TASK DIRECTIONS - Below are records with pictures. Transcribe exactly, and only, the lines from the line with "Ingewikkelde groene draden" to the line with "Everyone deserves to", both ends included, but not the pictures.

EXERCISE INPUT -
▶

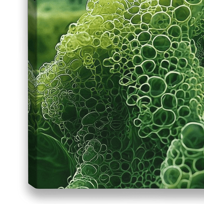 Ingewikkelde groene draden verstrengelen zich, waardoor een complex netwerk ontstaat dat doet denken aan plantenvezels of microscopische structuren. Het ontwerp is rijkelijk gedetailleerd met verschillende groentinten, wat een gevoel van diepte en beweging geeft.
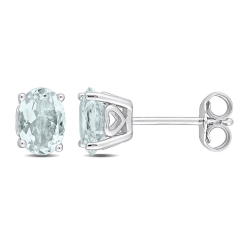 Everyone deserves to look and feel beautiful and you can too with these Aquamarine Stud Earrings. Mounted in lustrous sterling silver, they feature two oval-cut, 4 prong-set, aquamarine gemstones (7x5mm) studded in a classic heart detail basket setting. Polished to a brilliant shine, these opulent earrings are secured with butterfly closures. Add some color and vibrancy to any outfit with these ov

◀
▶

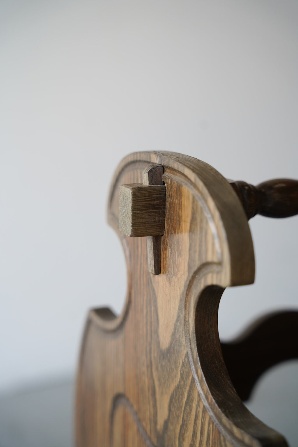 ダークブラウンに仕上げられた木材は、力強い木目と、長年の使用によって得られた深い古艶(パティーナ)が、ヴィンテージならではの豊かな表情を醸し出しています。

◀

EXERCISE OUTPUT -
 Ingewikkelde groene draden verstrengelen zich, waardoor een complex netwerk ontstaat dat doet denken aan plantenvezels of microscopische structuren. Het ontwerp is rijkelijk gedetailleerd met verschillende groentinten, wat een gevoel van diepte en beweging geeft.
 Everyone deserves to look and feel beautiful and you can too with these Aquamarine Stud Earrings. Mounted in lustrous sterling silver, they feature two oval-cut, 4 prong-set, aquamarine gemstones (7x5mm) studded in a classic heart detail basket setting. Polished to a brilliant shine, these opulent earrings are secured with butterfly closures. Add some color and vibrancy to any outfit with these ov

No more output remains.